The former Emir of Kano, Muhammad Sanusi II, says the federal government must insist that goods that Nigeria could produce locally with comparative advantage, should not be imported in order to boost the economy and create employment.

Sanusi advised the federal government to mobilise West African countries to have a uniform high tariff that would discourage importation of products like rice and textiles.

He further argued that this policy would be more reliable than the current border closure the federal government imposed since August 2019.

“The closure of the borders can only be a temporary solution. We need to engage our neighbours and agree that all of us in West Africa need to create a situation where we do not import that which we can produce locally. So that our farmers are not wiped out by farmers in Thailand and India and our textiles are not wiped out by textiles from China.

“Why do we need to import shoes? We have factories in Aba where you can produce shoes. So why can’t we have that too in Kano so we can produce all the shoes and bags we need in Nigeria and have the entire West Africa market closed to foreign shoes and bags and if the international brands want this market, they can set up locally, use the same leathers we export to Italy and Spain to employ labour here to produce.”

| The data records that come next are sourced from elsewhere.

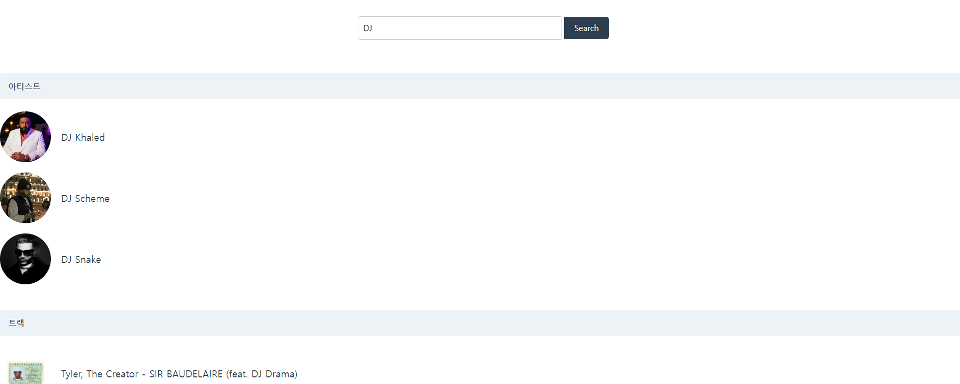 합친 list는 class_name(사용자 정의함수 사용)을 통해서 Artist, Track으로 분리되어 각각 표시합니다. 이렇게 구현한 이유는, 같은 검색 값에 대해서 아티스트와 트랙에 대한 모든 검색을 진행했으면 했습니다. 다만 이런 방법들이 조금 더 정교하고, 더 나은 성능으로 구현되려고 한다면 확실히 elastic search나 다른 검색을 위한 데이터베이스가 반드시 필요하겠다는 생각이 들었습니다.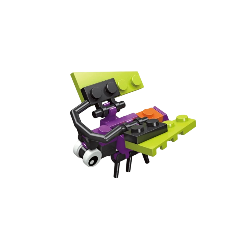Avec un total de 23 pièces, l'assemblage est rapide et clair, ce qui rend le kit adapté aussi bien aux débutants qu'aux créateurs plus expérimentés. Le corps est constitué d'une combinaison de pièces violettes et noires, tandis que des „ailes“ ou plaques vert clair sont placées sur les côtés, donnant à la figurine une silhouette plus longue. Les pattes noires et fines évoquent une impression de légèreté et de grande mobilité, caractéristiques des mantes religieuses. Grâce à sa stylisation, la figurine semble être un mélange d'insecte réel et de personnage de dessin animé.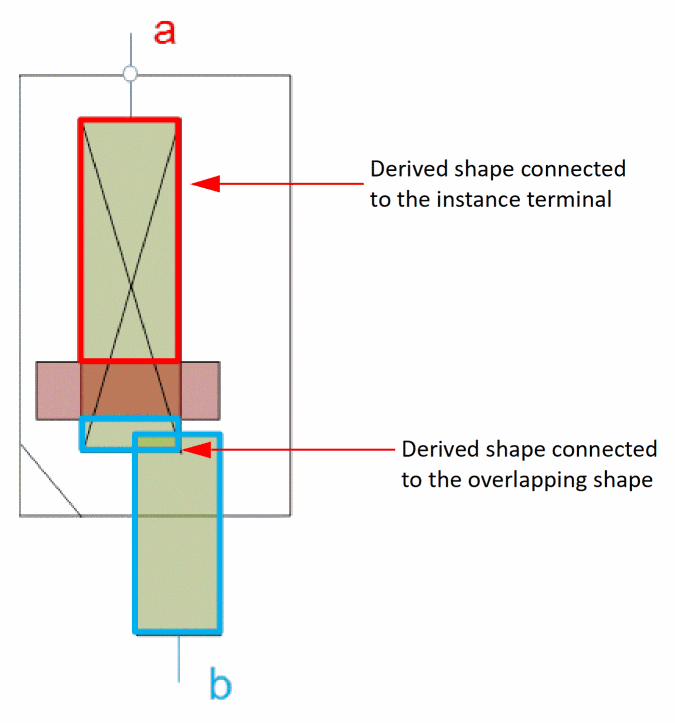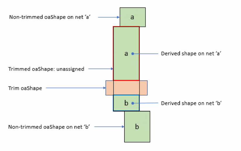 The figure below represents a shape trimmed into two parts by a trim shape. In this example, there are two derived shapes, one assigned to net a and the other assigned to net b. The trimmed shape is set as unassigned in the database.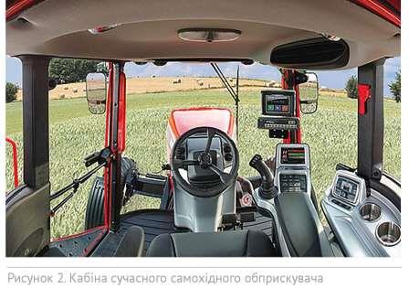 Самохідні обприскувачі оснащуються комфортабельними кабінами, що дозволяє значно підвищити ефективність роботи механізатора (рис. 2). Робоче місце його обладнане комфортним сидінням, виготовленим із якісних матеріалів (а під замовлення і шкіряним). Велика площа скління у задній і передній дозволяє механізатору контролювати передні колеса при роботі по міжряддях та безперешкодно бачити кінці розкладених штанг та інші частини машини. Кабіни комплектуються системами клімат-контролю із фільтрацією через фільтр із вугільним наповнювачем та надлишковим тиском повітря у салоні. Відеокамера заднього виду дозволяє спостерігати за подіями ззаду обприскувача (при русі назад або вперед). Джойстик служить як акселератором, так і перемикачем передач КПП. Крім того, на ньому розташувалися кнопки керування круїз-контролем, вимикання і вмиканням обприскування, а також регулюванням висоти крайніх секцій штанги.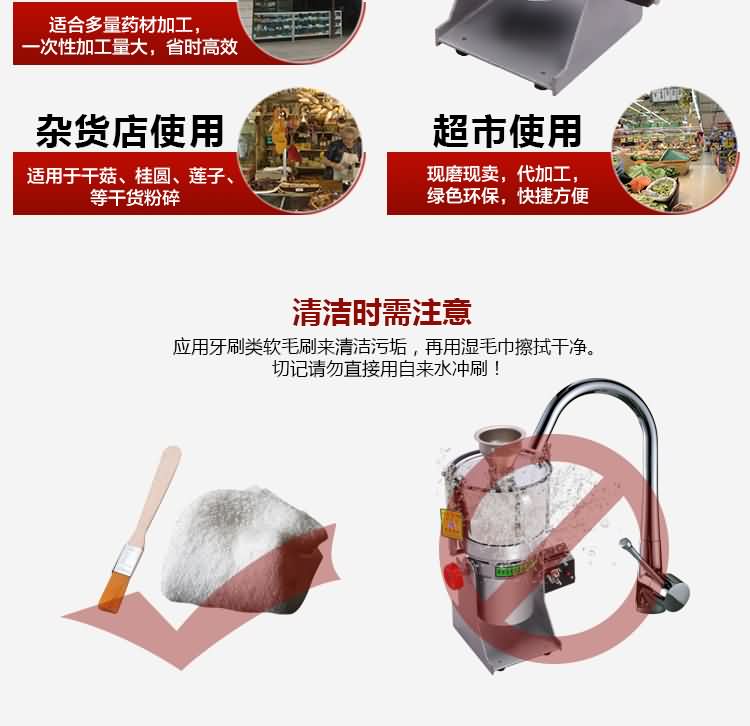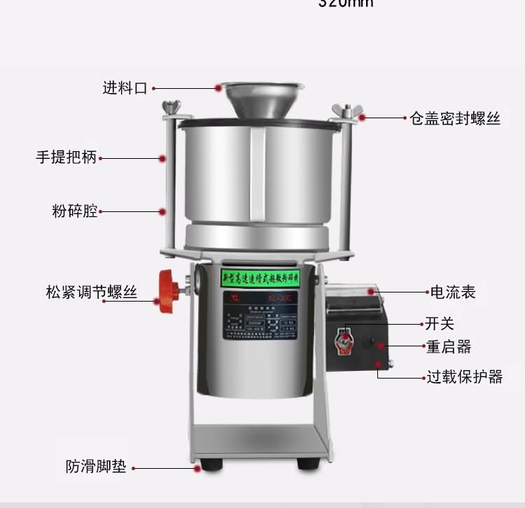 4、使用泛围广,矿物质,纤维质及稍具粘性之物质(烘干)均能粉碎到极细粒度,如甘草,珍珠,糖尿病配方,脐剂,皮肤敷剂等。

The former Emir of Kano said that his eyes are not on political appointments or electoral office because they are not the only ways of rendering public service.

He said: “People have been talking to me about politics even when I was at the CBN in 2011; that they wanted me to be presidential candidate. I have never had an interest in partisan politics. The nature of my family is that we consider ourselves as leaders of all people and politics can be very divisive. You can join one political party and then alienate yourself from others.

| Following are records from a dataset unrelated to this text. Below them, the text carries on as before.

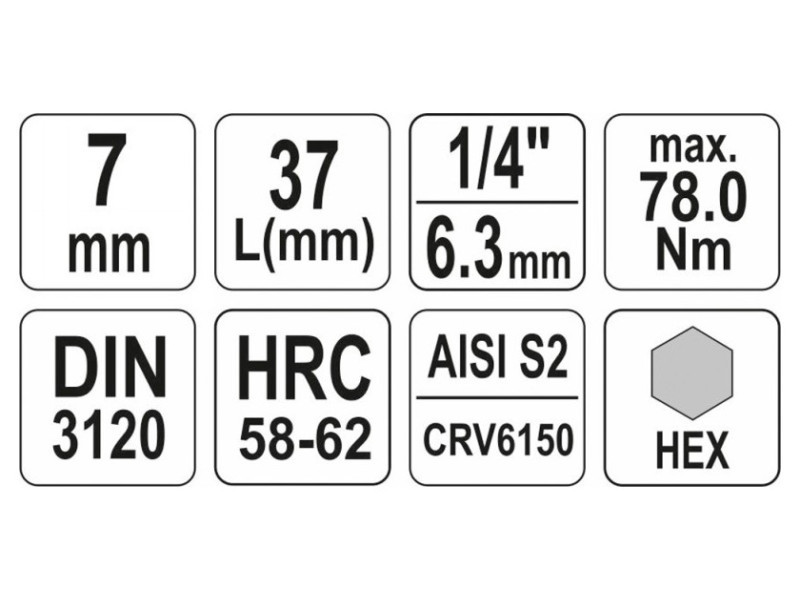 Professzionális HEX tengelykulcs, 1/4" hüvelyméret, 7 mm-es szár.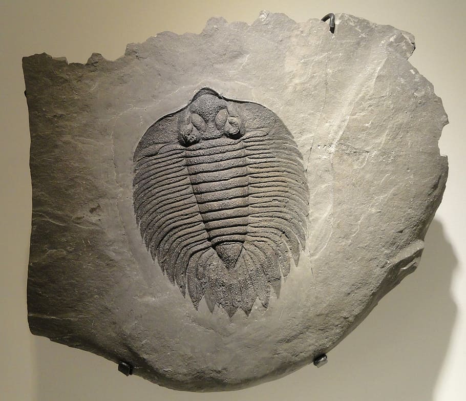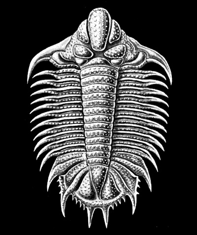 Figura 17: Impronta de trilobite, molde de trilobite e ilustración del naturalista Ernst Haeckel. Los trilobites son un grupo de artrópodos marinos extintos. Se encontraban ampliamente distribuidos geográficamente y existía una gran diversidad de formas en este grupo. Los fósiles más antiguos encontrados se estima que tienen una antigüedad mayor a 500 Ma.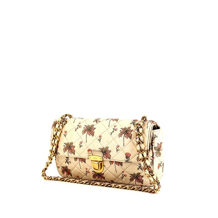 Original bolso de mano Prada de lona beige de diseño floral, adorno en metal dorado, una asa en cadena de metal dorado entrelazada de lona beige para llevar al hombro.

“All I can say is that this is not something that is for me as an objective. I think there are many ways of being of service to the nation. If you look at my CV, I started off as an academic. I was teaching economics at Ahmadu Bello University and after just two years before I could complete my Master’s thesis I decided to go into banking for just no reason. And I have made a success of my career as a banker, as a regulator and as an Emir.

“Maybe it is time to publish some collections of my articles that have no relationship with economics at all. They are about Sharia, identity etc. I had written some of them between 1999 and 2005. It may come out in a few months. Then the book on central banking will come out.

“I still will like to write a book on the impact of certain interpretations of Moslem family laws on the development of Nigeria. It will deal on the interpretation of the law and certain cultural practices around child marriage, child rights and how they have contributed to poverty and underdevelopment in Northern Nigeria.

“And in the process I am thinking that maybe I could get a Ph.D and maybe go back to my first career that I never concluded and just be a professor in different universities abroad. And the great thing with the life I have led is that if I complete that Ph.D, how many universities would have someone with a PhD who has been a bank CEO, Governor of Central bank and Emir? So, it is a kind of CV that would give you any university in the world, whether it is Harvard, Oxford or Cambridge and anywhere you want because it is now about my entire life experience.

“I am going to take life as it goes. I am in no hurry. I have enough on my plate and I see my life as life of service and I don’t think that public service is limited to elected office. Any opportunity I have to serve, I would take it if it is something I think I am capable of delivering. I have no immediate plans to go into politics.”